───── EXTRACTED INFORMATION
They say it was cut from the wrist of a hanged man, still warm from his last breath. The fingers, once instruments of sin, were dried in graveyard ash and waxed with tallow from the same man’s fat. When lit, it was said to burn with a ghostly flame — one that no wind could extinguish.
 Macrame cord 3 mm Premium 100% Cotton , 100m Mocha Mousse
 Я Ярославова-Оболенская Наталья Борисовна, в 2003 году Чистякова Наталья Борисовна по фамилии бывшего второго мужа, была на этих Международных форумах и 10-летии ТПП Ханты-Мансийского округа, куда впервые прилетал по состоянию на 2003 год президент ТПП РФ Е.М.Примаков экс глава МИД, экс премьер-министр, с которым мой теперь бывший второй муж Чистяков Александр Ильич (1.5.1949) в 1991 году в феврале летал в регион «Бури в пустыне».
──────────
───── EXTRACTED INFORMATION
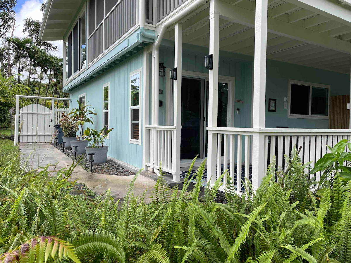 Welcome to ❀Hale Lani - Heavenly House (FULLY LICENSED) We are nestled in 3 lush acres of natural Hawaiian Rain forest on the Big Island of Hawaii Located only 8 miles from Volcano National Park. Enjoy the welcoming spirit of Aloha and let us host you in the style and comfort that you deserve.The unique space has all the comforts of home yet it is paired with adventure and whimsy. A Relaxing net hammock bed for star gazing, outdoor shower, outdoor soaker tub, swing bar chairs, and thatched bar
──────────
───── EXTRACTED INFORMATION
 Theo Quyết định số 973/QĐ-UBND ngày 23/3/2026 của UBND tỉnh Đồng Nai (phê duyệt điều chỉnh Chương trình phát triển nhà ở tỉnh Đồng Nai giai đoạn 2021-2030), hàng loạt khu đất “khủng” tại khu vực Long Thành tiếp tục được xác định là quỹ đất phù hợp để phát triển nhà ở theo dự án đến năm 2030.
──────────
YOUR ASSIGNMENT: The exact lines of the material above starting at the one that contains "They say it" and ending at the one that contains "Я Ярославова-Оболенская Наталья" are what to retype; leave out everything else.

EXERCISE SOLUTION:
They say it was cut from the wrist of a hanged man, still warm from his last breath. The fingers, once instruments of sin, were dried in graveyard ash and waxed with tallow from the same man’s fat. When lit, it was said to burn with a ghostly flame — one that no wind could extinguish.
 Macrame cord 3 mm Premium 100% Cotton , 100m Mocha Mousse
 Я Ярославова-Оболенская Наталья Борисовна, в 2003 году Чистякова Наталья Борисовна по фамилии бывшего второго мужа, была на этих Международных форумах и 10-летии ТПП Ханты-Мансийского округа, куда впервые прилетал по состоянию на 2003 год президент ТПП РФ Е.М.Примаков экс глава МИД, экс премьер-министр, с которым мой теперь бывший второй муж Чистяков Александр Ильич (1.5.1949) в 1991 году в феврале летал в регион «Бури в пустыне».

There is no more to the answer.